### What is expected
Below, find each line holding "your" and state how many there are, using the number alone.
[[ Dataset records open ]]
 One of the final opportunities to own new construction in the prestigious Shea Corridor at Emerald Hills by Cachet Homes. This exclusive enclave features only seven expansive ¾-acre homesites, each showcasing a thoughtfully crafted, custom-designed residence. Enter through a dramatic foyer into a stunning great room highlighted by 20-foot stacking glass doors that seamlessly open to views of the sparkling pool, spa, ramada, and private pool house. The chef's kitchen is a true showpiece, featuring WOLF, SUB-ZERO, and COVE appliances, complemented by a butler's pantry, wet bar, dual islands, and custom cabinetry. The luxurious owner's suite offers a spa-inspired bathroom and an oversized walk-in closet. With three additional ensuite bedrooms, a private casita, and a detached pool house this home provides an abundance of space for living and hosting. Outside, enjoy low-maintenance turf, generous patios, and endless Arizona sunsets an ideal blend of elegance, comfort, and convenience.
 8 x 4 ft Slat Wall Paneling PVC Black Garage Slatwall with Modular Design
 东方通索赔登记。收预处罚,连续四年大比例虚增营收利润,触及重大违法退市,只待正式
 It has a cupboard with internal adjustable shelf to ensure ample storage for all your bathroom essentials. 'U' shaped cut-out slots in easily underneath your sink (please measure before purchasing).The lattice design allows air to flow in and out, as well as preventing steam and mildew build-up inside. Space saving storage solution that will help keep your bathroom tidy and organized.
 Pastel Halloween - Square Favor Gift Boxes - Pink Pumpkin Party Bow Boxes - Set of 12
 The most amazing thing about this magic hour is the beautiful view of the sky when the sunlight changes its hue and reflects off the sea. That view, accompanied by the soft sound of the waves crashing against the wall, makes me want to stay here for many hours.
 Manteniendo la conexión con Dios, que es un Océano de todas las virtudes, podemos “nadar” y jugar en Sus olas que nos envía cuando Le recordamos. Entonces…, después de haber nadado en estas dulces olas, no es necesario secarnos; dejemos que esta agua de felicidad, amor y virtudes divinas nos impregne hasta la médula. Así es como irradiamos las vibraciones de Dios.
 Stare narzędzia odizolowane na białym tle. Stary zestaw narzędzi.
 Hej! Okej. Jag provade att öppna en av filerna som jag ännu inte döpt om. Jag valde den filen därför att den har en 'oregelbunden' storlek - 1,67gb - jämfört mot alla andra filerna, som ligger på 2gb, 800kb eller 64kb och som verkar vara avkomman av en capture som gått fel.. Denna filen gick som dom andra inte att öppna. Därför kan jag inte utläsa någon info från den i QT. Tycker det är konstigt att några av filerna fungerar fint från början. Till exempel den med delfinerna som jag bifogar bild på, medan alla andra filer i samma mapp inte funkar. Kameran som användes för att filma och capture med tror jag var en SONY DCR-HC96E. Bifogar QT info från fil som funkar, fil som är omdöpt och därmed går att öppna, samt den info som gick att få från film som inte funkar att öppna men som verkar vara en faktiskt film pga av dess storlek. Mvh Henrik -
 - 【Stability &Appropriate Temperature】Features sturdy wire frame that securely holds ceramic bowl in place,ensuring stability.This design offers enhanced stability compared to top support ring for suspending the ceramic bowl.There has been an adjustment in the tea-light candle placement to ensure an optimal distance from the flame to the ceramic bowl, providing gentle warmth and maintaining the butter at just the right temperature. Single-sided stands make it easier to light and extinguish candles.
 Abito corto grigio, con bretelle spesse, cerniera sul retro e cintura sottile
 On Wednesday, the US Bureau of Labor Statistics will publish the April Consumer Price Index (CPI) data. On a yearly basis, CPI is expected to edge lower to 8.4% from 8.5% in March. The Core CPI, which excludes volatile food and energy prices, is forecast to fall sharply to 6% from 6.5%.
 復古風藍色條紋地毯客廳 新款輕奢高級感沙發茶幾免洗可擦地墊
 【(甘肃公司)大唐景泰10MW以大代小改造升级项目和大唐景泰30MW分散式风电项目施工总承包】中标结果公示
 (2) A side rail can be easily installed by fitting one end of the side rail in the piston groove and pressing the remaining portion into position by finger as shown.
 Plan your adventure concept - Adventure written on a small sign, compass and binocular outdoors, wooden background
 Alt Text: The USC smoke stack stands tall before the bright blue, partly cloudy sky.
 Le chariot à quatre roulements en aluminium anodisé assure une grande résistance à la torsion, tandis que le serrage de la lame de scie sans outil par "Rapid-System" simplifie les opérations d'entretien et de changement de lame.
[[ Dataset records closed ]]
### Output
2